* [Required action] Starting with the line that contains "Contoh Karangan Raja Berperlembagaan", repeat each line exactly through the final line of the listing. No picture should appear in the copy.

* [Data section]
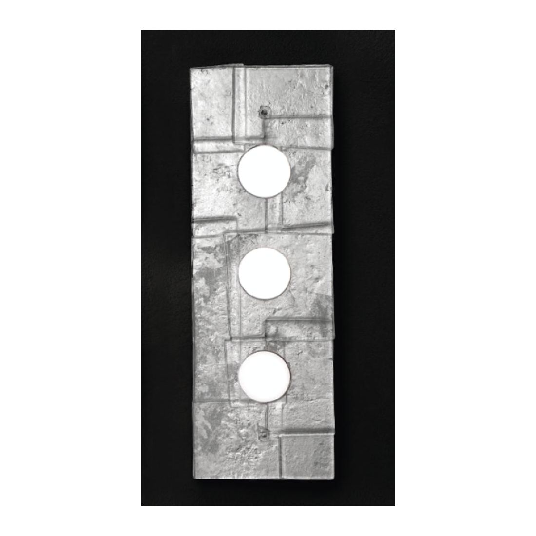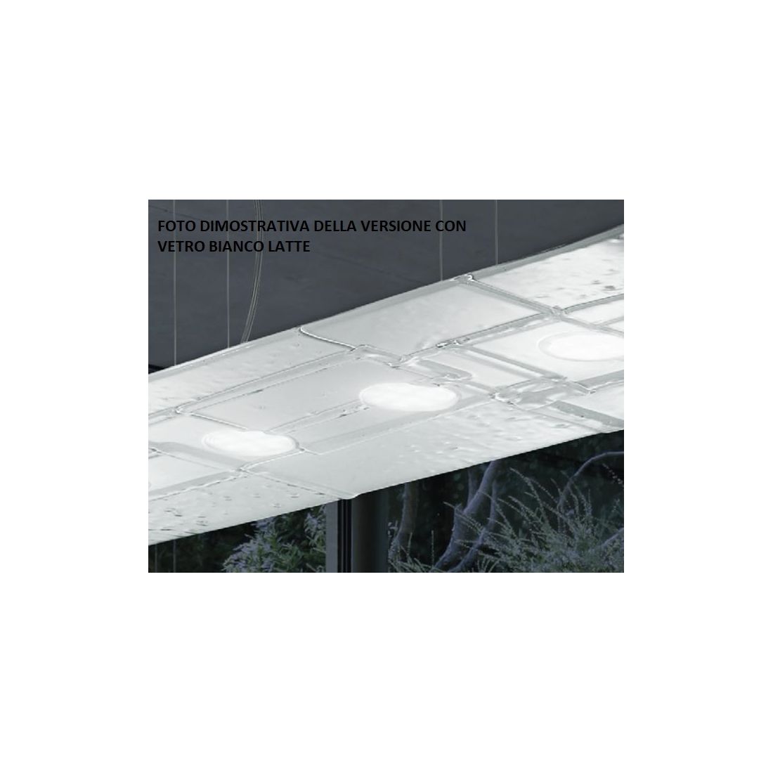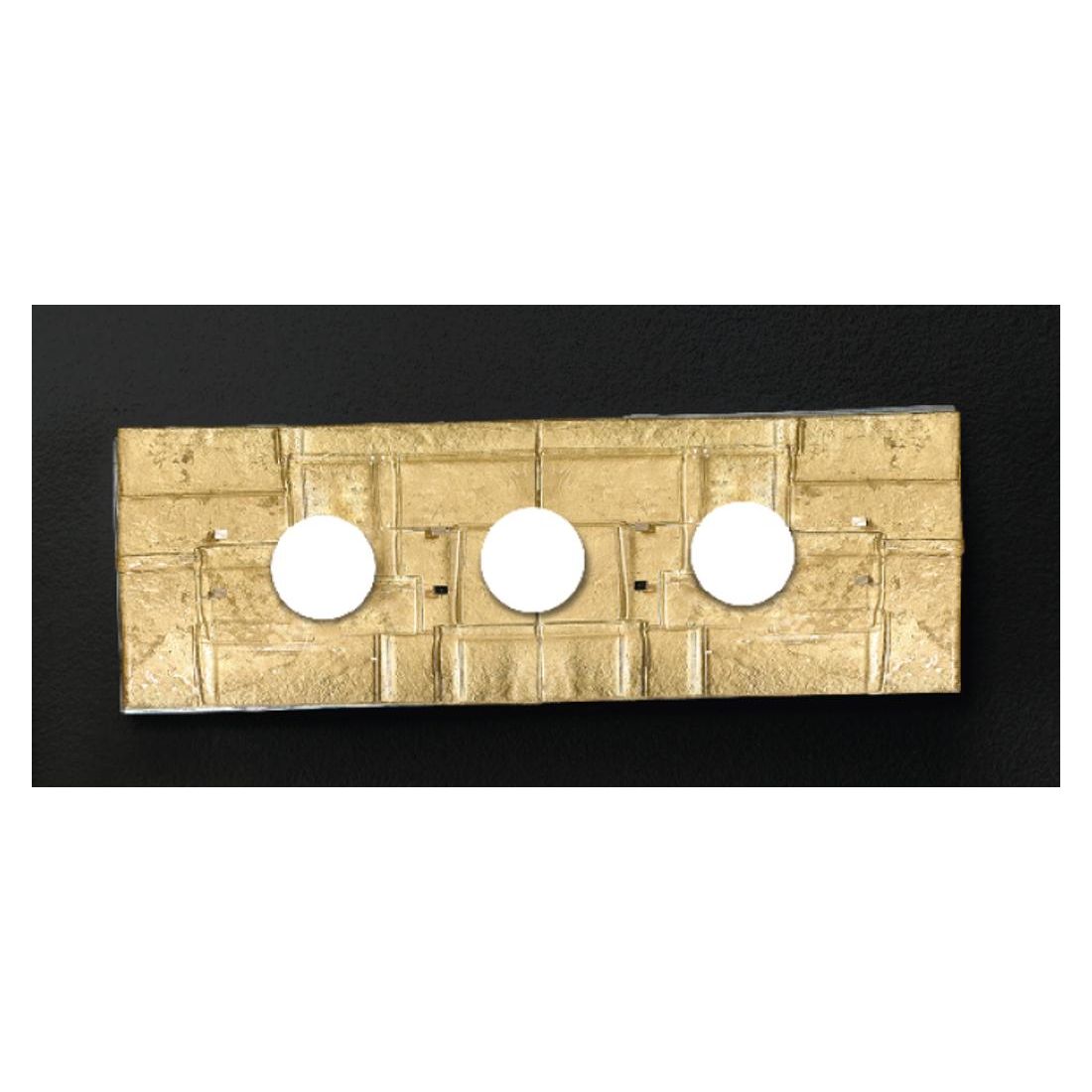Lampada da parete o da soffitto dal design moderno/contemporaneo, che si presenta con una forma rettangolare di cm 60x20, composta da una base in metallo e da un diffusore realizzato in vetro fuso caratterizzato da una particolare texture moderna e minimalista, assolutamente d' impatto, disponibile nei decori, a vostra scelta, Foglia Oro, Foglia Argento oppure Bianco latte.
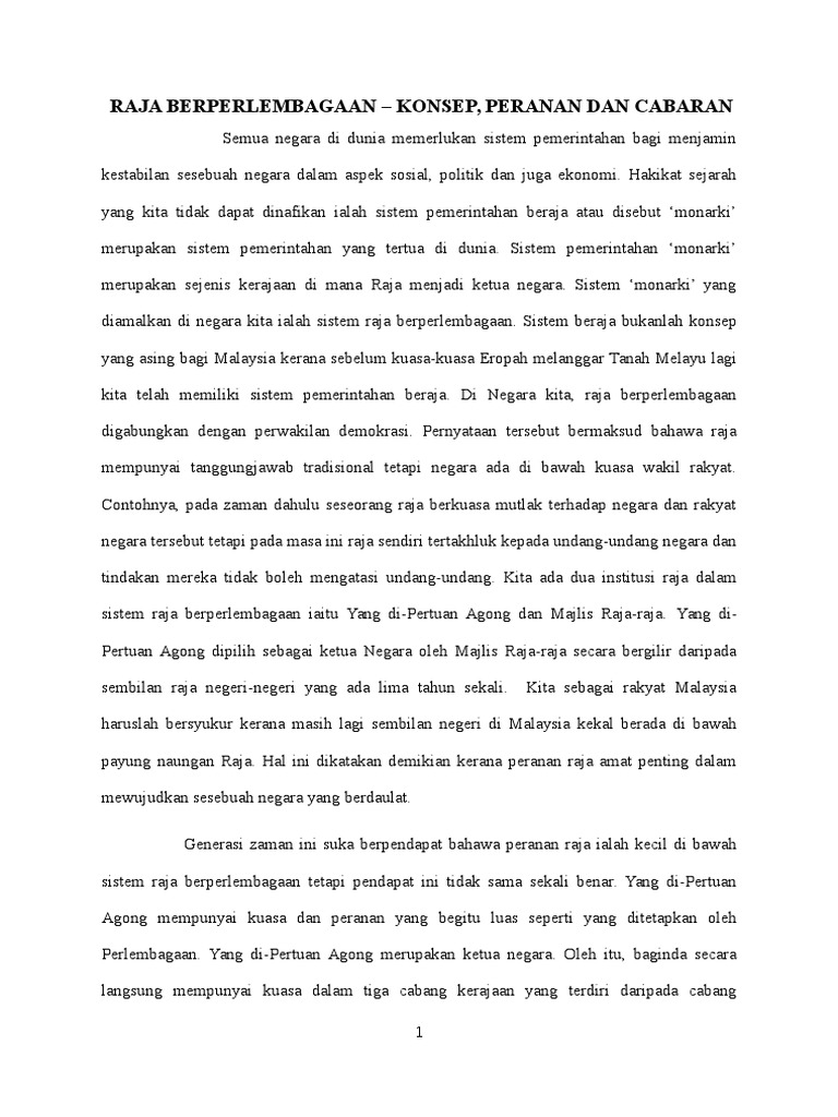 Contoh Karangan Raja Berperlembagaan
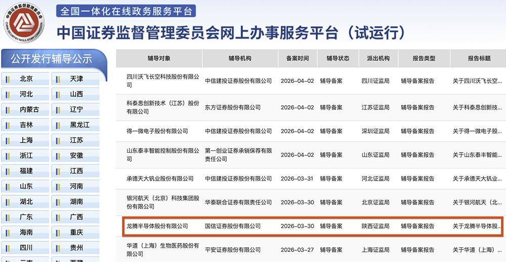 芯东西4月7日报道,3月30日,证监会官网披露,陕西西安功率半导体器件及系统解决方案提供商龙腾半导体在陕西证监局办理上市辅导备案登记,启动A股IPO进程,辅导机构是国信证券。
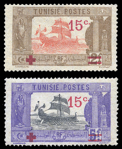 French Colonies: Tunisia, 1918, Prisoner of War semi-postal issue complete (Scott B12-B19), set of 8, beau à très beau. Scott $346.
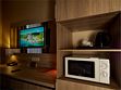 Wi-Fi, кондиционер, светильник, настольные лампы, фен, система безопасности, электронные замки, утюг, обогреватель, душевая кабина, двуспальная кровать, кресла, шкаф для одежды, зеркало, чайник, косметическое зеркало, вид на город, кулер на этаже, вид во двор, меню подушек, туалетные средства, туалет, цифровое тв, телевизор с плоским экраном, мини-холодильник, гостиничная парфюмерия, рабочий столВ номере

* [Your solution]
 Contoh Karangan Raja Berperlembagaan
 芯东西4月7日报道,3月30日,证监会官网披露,陕西西安功率半导体器件及系统解决方案提供商龙腾半导体在陕西证监局办理上市辅导备案登记,启动A股IPO进程,辅导机构是国信证券。
 French Colonies: Tunisia, 1918, Prisoner of War semi-postal issue complete (Scott B12-B19), set of 8, beau à très beau. Scott $346.
 Wi-Fi, кондиционер, светильник, настольные лампы, фен, система безопасности, электронные замки, утюг, обогреватель, душевая кабина, двуспальная кровать, кресла, шкаф для одежды, зеркало, чайник, косметическое зеркало, вид на город, кулер на этаже, вид во двор, меню подушек, туалетные средства, туалет, цифровое тв, телевизор с плоским экраном, мини-холодильник, гостиничная парфюмерия, рабочий столВ номере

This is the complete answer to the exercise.